**WHAT THE TASK REQUIRES**
Shown below are entries with pictures; the line with "We have heard" through the line with "Take a journey" is the span to retype exactly, and the pictures stay out.

(Records from a dataset)
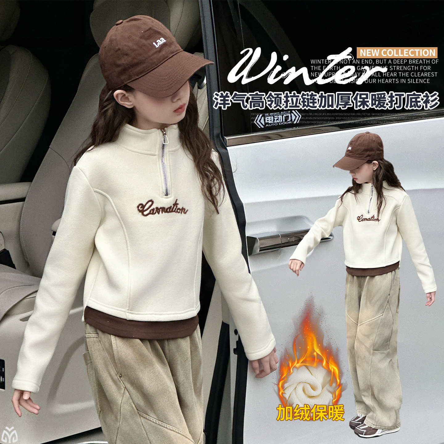 女童秋冬加厚打底衫中大童洋气半拉链上衣儿童百搭加绒保暖绒衫潮
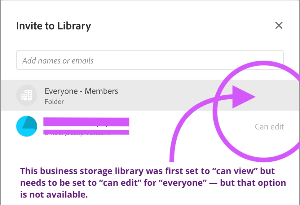 We have heard from users that setting the library in business storage permissions to "Can view and use" during creation and then individually inviting users as "editors" unlocks an additional layer of permissions, given how large organizations can be.
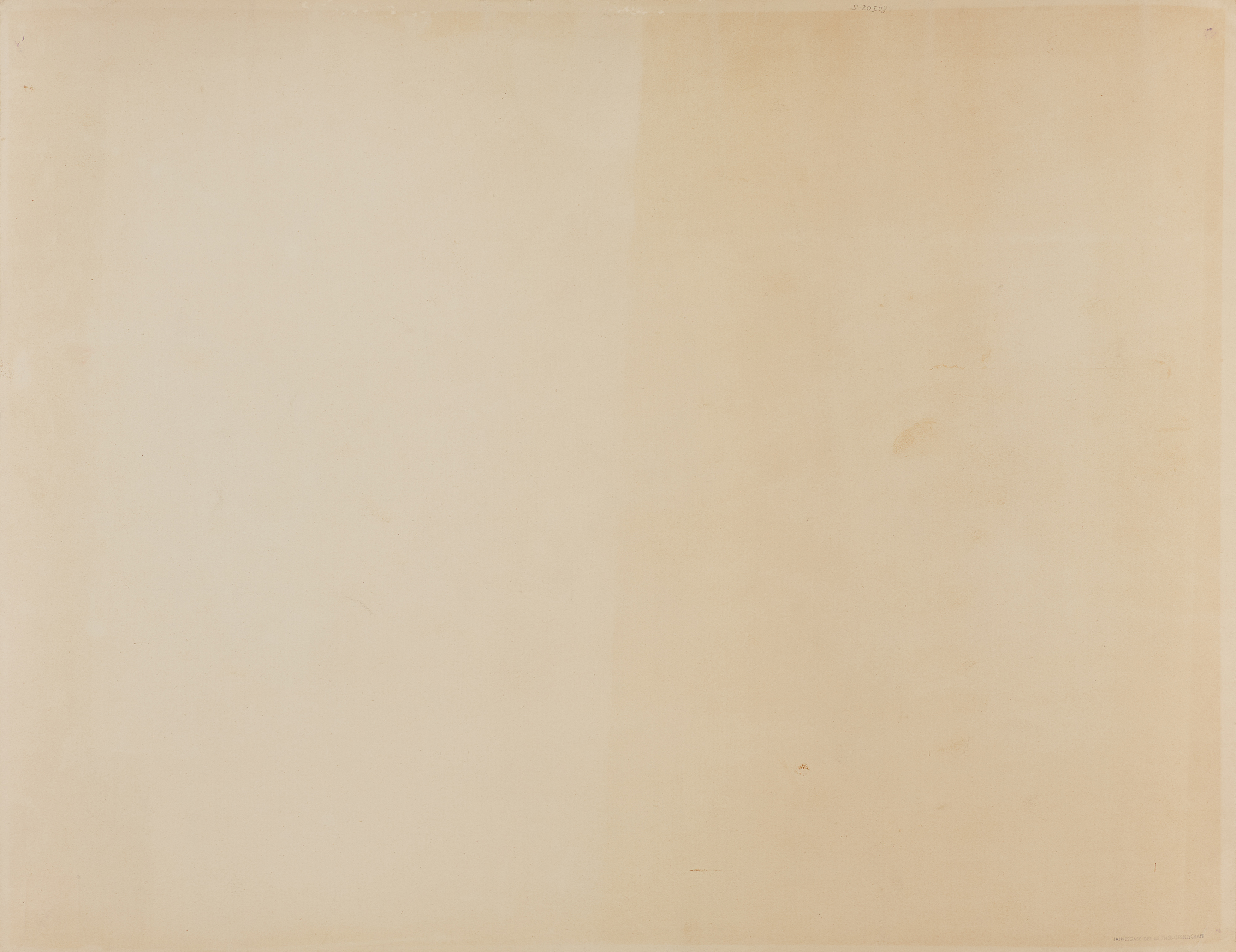 Blatt ehemals gerollt, daher leicht gebogen. Leicht gebräunt. Vereinzelt leichte Bestoßungen an den Kanten. Leichte Knickspuren in der Mitte durch die Länge des Blattes. Verso leicht und unregelmäßig gebräunt. Ansonsten in gutem Zustand.
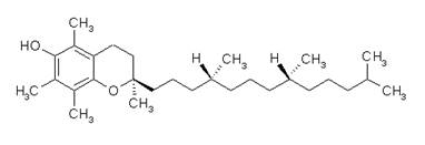 Із числа жиророзчинних АО-мембранопротекторів найважливішу роль відіграє α-токоферол – вітамін Е . Молекула токоферолу складається з бензольного ядра з гідроксильною групою, що виконує АО-функцію, і бічного ланцюга молекули, що здійснює взаємодію молекули токоферолу з мембранними структурами [3], зокрема, з вуглеводневим ланцюгом арахідонової кислоти, що підвищує ефективність АО-захисту мембран:
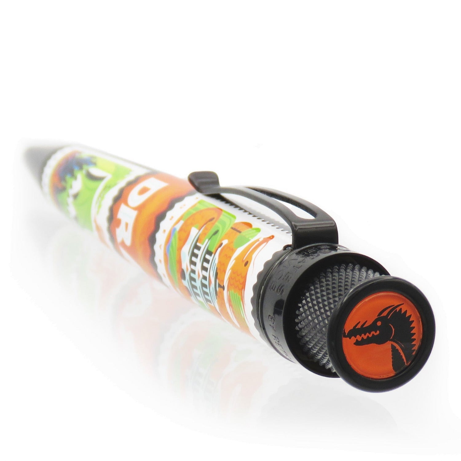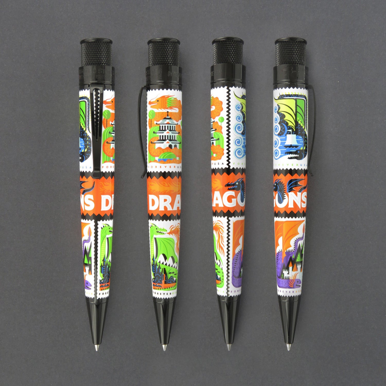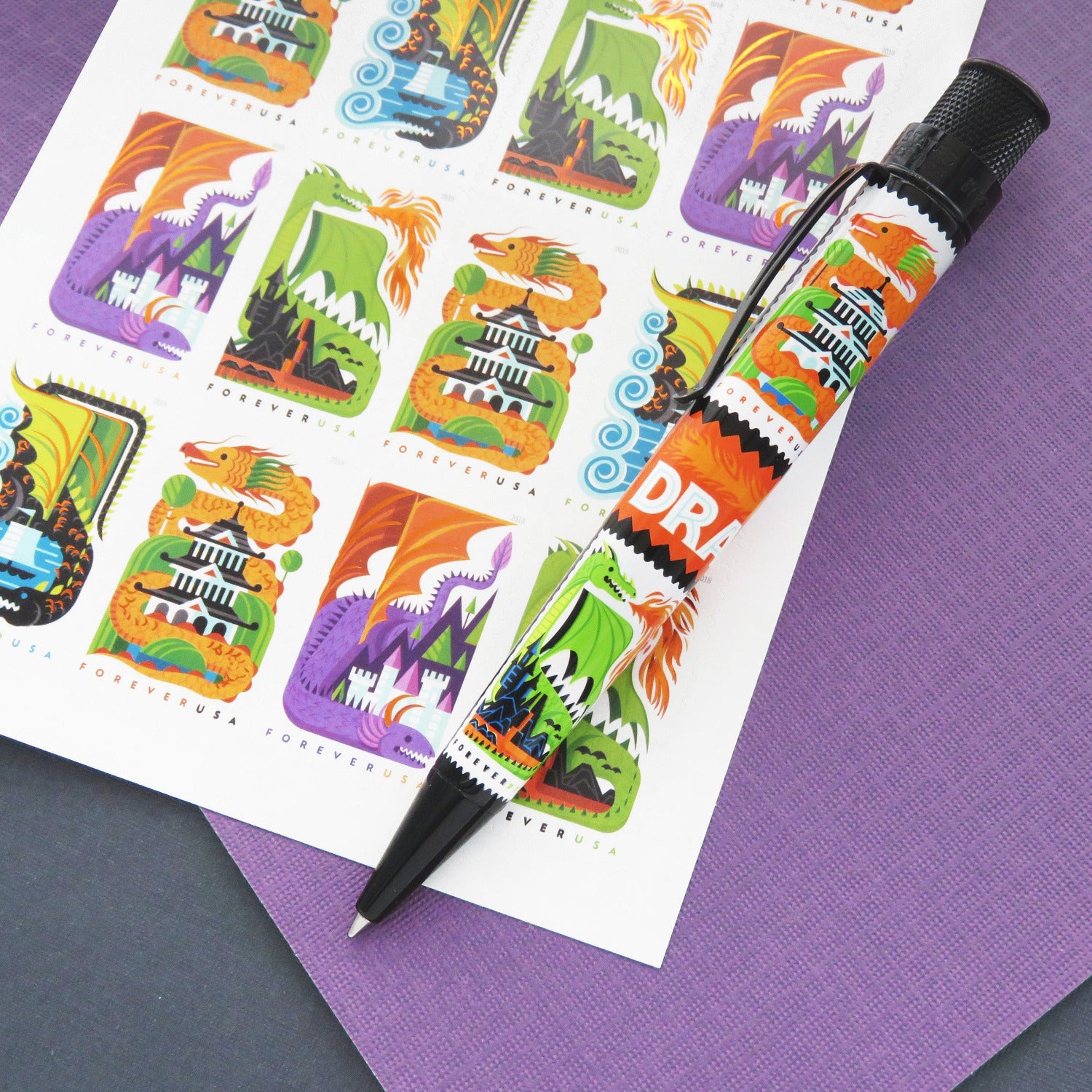 Take a journey back to legendary times with the newest United States Postal Service® licensed design, Dragons! This Retro51 Big Shot showcases four dragon designs illustrated by artist Don Clark of Invisible Creature. The Forever® stamp art has now been turned into a rollerball pen featuring "the high-flying, fire-breathing mythological creatures that have roamed our imaginations for millennia."
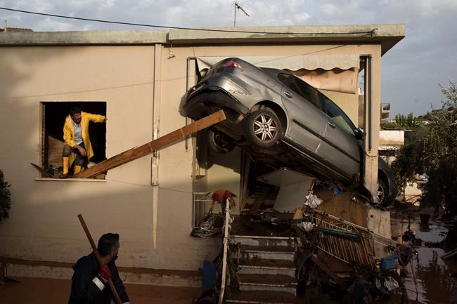 Wednesday’s floods turned roads into raging torrents of mud and debris, flung cars into buildings, swept away walls and inundated a section of a major highway. Nearly 1,000 buildings, mostly homes and small businesses in the modest working-class district of Mandra and nearby Nea Peramos, were damaged.
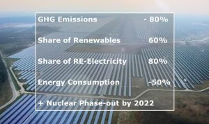 Renunțarea  la energia nucleară până în 2022, reducerea emisiilor de gaze cu efect de seră, extinderea utilizării energiei electrice-un nou val de electrificare, eficientizarea consumului energiei  dar și a transportului și distribuției energiei și bineînțeleles extinderea în continuare a producției de energie din surse regenerabile, cu toate aceste teme majore  se confruntă energetica Germaniei.  Tabelul de mai jos prezintă succint obiectivele ambițioase pe care Germania și le-a propus pentru 2022.
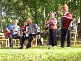 Arvika Dragspelsklubb arrangerte årets Bälgaspel på Skutboudden, Brunskog ca. 2 mil sørøst for Arvika. På "Gammelvala" ved sjøen Värmeln er det 4. året treffet har sitt tilholdssted. "Gammelvala" betyr "den gamle verden" og på Brunskog Hembygdsgård ligger det et 30 talls bygninger der det vanligvis råder full aktivitet slik som i gamle dager. Fredagskvelden ble startet med et felles grillparty med påfølgende dans på Logen. Været viste seg fra sin beste side og utescenen var godt besøkt lørdag ettermiddag med variert underholdning. I alt kunne vi telle rundt 10 ulike klubber og grupper, deriblant Jessheim Trekkspillklubb og Alvar Dahl fra Norge. Lørdagskvelden var det dans både på Logen og i "Grötköket" til over midnatt. |
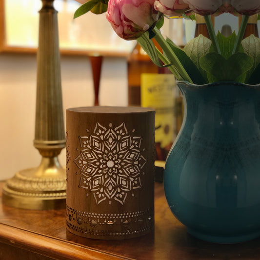 Extra cozy (No Glass) -Floral detail - Natural wood cover - For those who already have one of my lanterns (lantern cozies)

**SOLUTION TO THIS PROBLEM**
 We have heard from users that setting the library in business storage permissions to "Can view and use" during creation and then individually inviting users as "editors" unlocks an additional layer of permissions, given how large organizations can be.
 Blatt ehemals gerollt, daher leicht gebogen. Leicht gebräunt. Vereinzelt leichte Bestoßungen an den Kanten. Leichte Knickspuren in der Mitte durch die Länge des Blattes. Verso leicht und unregelmäßig gebräunt. Ansonsten in gutem Zustand.
 Із числа жиророзчинних АО-мембранопротекторів найважливішу роль відіграє α-токоферол – вітамін Е . Молекула токоферолу складається з бензольного ядра з гідроксильною групою, що виконує АО-функцію, і бічного ланцюга молекули, що здійснює взаємодію молекули токоферолу з мембранними структурами [3], зокрема, з вуглеводневим ланцюгом арахідонової кислоти, що підвищує ефективність АО-захисту мембран:
 Take a journey back to legendary times with the newest United States Postal Service® licensed design, Dragons! This Retro51 Big Shot showcases four dragon designs illustrated by artist Don Clark of Invisible Creature. The Forever® stamp art has now been turned into a rollerball pen featuring "the high-flying, fire-breathing mythological creatures that have roamed our imaginations for millennia."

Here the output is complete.